■ **EXERCISE DATA**
------------------------------------------------
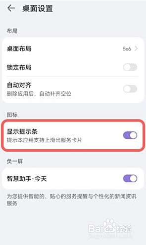 4、将桌面设置中【显示提示条】右侧的滑块关闭;
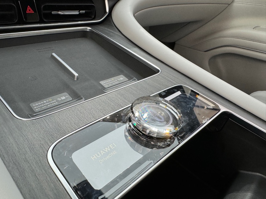 中控台的设计没什么新鲜感,就是如今新能源车最惯用的连屏。不过这几块屏幕的尺寸都不一样,液晶仪表的尺寸为12.3英寸,较小;中控屏的尺寸为15.6英寸,跟问界其他车型的中控屏尺寸一样;副驾驶娱乐屏的尺寸为16英寸。同时,也加入了AI小助手,跟蔚来的nomi差不多。
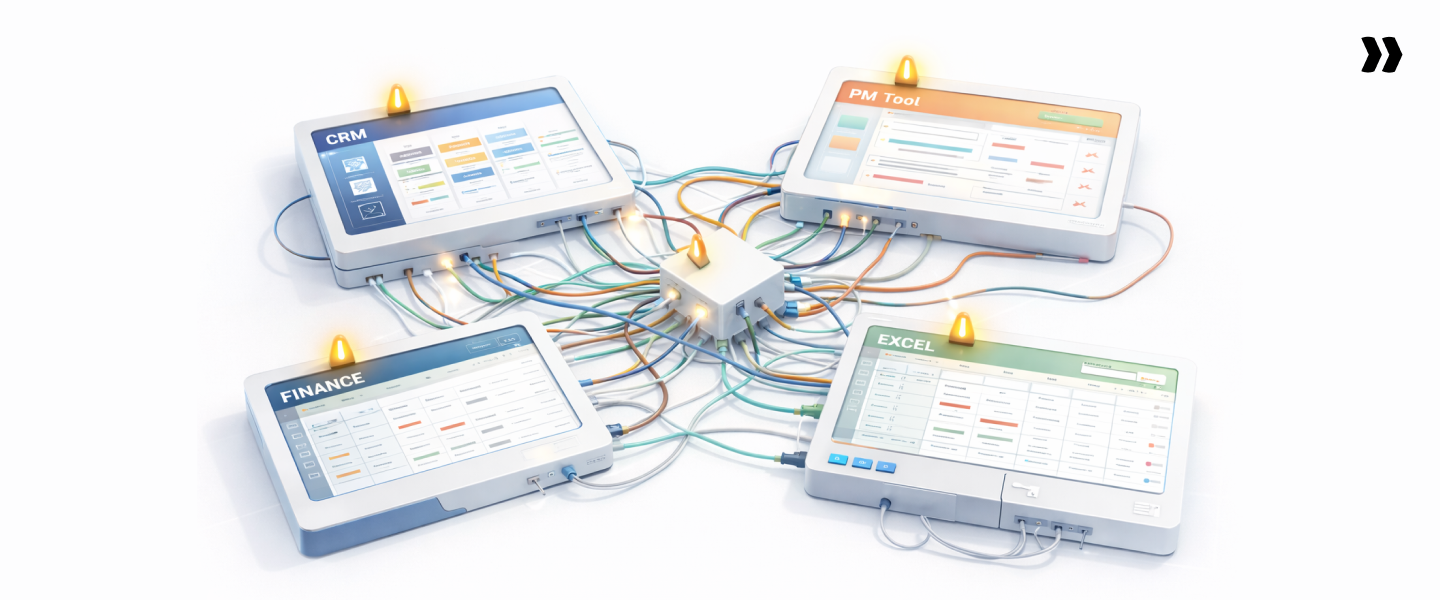 The result is what operations leaders consistently describe as the Frankenstein stack: Salesforce for pipeline, Jira for projects, Excel for resource planning, QuickBooks for billing, Slack for coordination, and email for client updates.
------------------------------------------------
Only the text of the listing should be returned, exactly and in full; no image goes into the copy.

 4、将桌面设置中【显示提示条】右侧的滑块关闭;
 中控台的设计没什么新鲜感,就是如今新能源车最惯用的连屏。不过这几块屏幕的尺寸都不一样,液晶仪表的尺寸为12.3英寸,较小;中控屏的尺寸为15.6英寸,跟问界其他车型的中控屏尺寸一样;副驾驶娱乐屏的尺寸为16英寸。同时,也加入了AI小助手,跟蔚来的nomi差不多。
 The result is what operations leaders consistently describe as the Frankenstein stack: Salesforce for pipeline, Jira for projects, Excel for resource planning, QuickBooks for billing, Slack for coordination, and email for client updates.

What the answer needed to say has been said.